_WHAT TO DO:_ The printed result should hold only the lines from the opening of the data through the line bearing "Off-white ribbed knit", exactly as given and without pictures.

_GIVEN INFORMATION:_
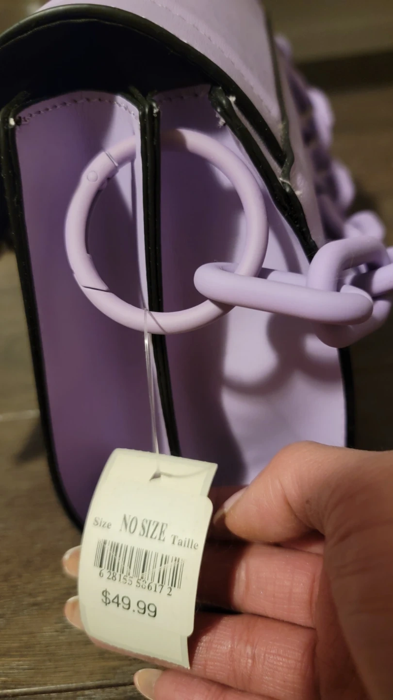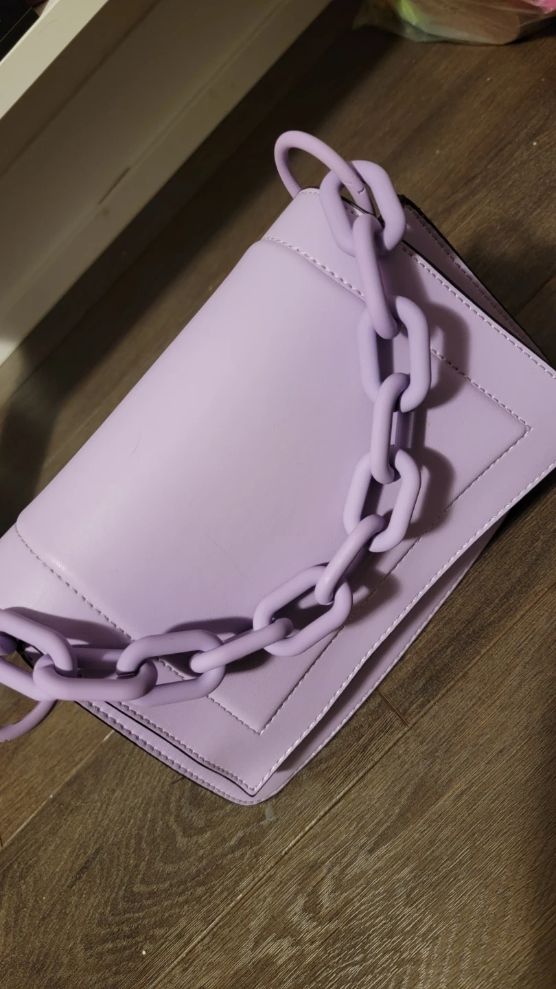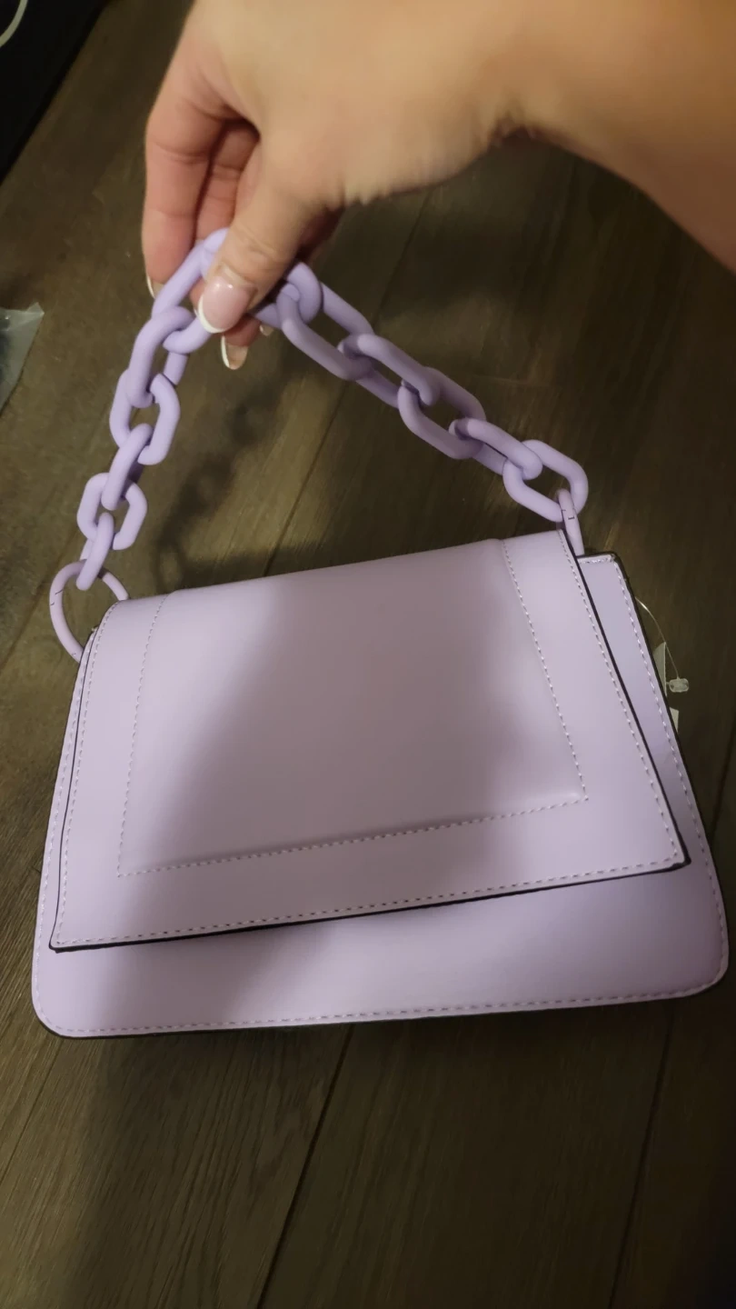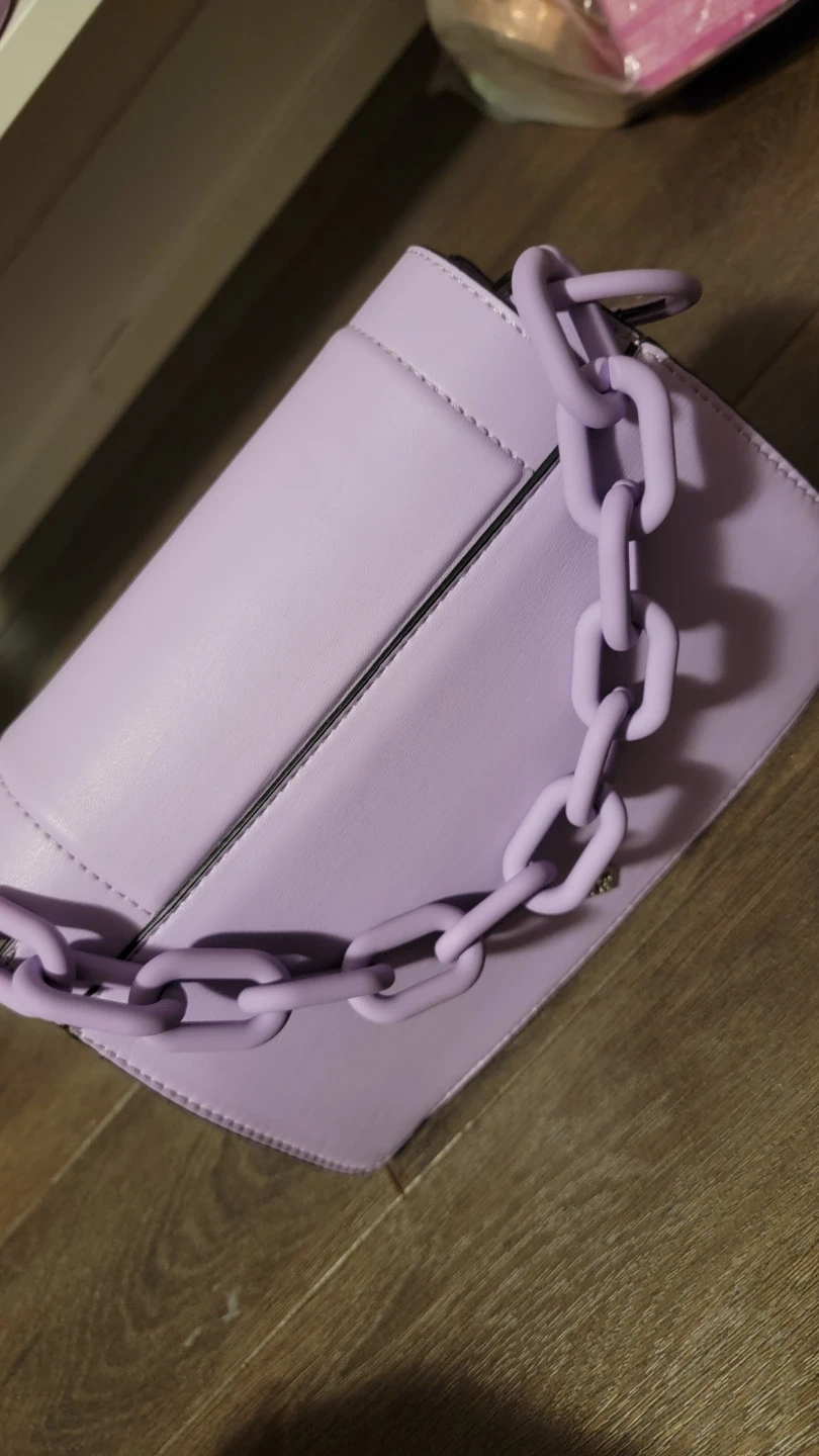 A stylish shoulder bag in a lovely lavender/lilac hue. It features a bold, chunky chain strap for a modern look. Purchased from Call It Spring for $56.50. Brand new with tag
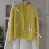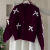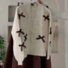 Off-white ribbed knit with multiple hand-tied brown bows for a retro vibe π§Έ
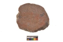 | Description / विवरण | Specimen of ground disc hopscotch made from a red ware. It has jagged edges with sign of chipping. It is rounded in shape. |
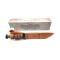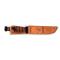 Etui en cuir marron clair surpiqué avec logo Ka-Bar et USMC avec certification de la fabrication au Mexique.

_RESULT FOR THIS EXERCISE:_
 A stylish shoulder bag in a lovely lavender/lilac hue. It features a bold, chunky chain strap for a modern look. Purchased from Call It Spring for $56.50. Brand new with tag
 Off-white ribbed knit with multiple hand-tied brown bows for a retro vibe π§Έ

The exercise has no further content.